Note that the legacy git annex import from a directory does honor annex.largefiles.

annex.largefiles will either need to be matched by downloadImport (changing to return Either Sha Key, or by buildImportTrees).

If it's done in downloadImport, to avoid re-download of non-large files, the content identifier will need to be recorded as using the git sha1. This needs a way to encode a git sha as a key, that's a bijective mapping (so distinct from annex sha1 keys).

Problem: In downloadImport, startdownload checks getcidkey to see if the ContentIdentifier is already known, and if so, returns the key used for it before. But, with annex.largefiles, the same content might be annexed given one filename, and not annexed with another. So, the key from getcidkey might not be the right one (or there could be more than one, an annex key and a translated git key).

That argues against making downloadImport match annex.largefiles.

But, if instead buildImportTrees matches annex.largefiles, then downloadImport has already run moveAnnex on the download, so the content is in the annex. Moving it back out of the annex is difficult (there may be other files in the repo using the same key). So, downloadImport would then need to not moveAnnex, but move it to somewhere temporary. Like the gitAnnexTmpObjectLocation, but using that would be a problem if there was a file in the repo and git-annex get was run on it at the same time. So an equivilant but separate location.
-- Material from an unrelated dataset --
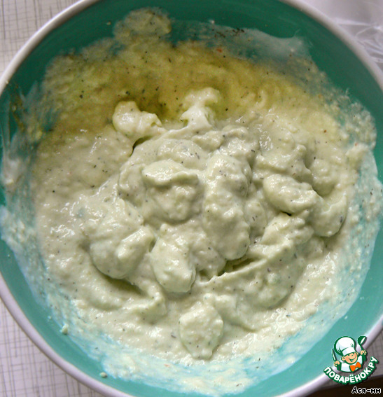 К авокадо добавить йогурт, сметану, чеснок, пропущенный через пресс, соль, горчицу и приправы. Измельчить все до состояния пюре (блендером, вилкой или измельчителем). Все ингредиенты для салата смешиваем и наслаждаемся вкусом.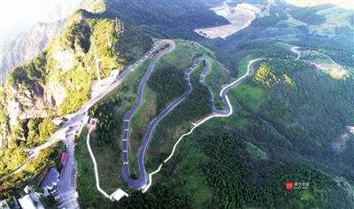 5日,鸟瞰S209咸通线九宫山路段,宛如一条挥洒飘逸的彩带。

Further problem: downloadImport might skip a download of a CID that's already been seen. That CID might have generated a key before. The key's content may not still be present in the local repo. Then, if buildImportTrees checks annex.largefiles and wants to add it directly to git, it won't have the content available to add to git. (Conversely, the CID may have been added to git before, but annex.largefiles matches now, and so it would need to extract the content from git only to store it in the annex, which is doable but seems pointless as it's not going to save any space.)

Would it be acceptable for annex.largefiles to be ignored if the same content was already imported from a remote earlier? I think maybe so.

Then all these problems are not a concern, and back to downloadImport checking annex.largefiles being the simplest approach, since it avoids needing the separate temp file location.

From the user's perspective, the special remote contained a file, it was already imported in the past, and the file has been renamed. It makes no more sense for importing it again to change how it's stored between git and annex than it makes sense for git mv of a file to change how it's stored.

However... If two people can access the special remote, and import from it at different times, and get different trees as a result, that might break some assumptions, might also lead to merge conflicts. --Joey

Importing updates export.log, to indicate the state of the remote (the log file could have been named better). So an annex.largefiles change would result in an export/import conflict. Such a conflict can be resolved by using git-annex export, but this could be a surprising situation for users to encounter, since there is no real conflict.

Still, this doesn't feel like a reason not to implement the feature, necessarily.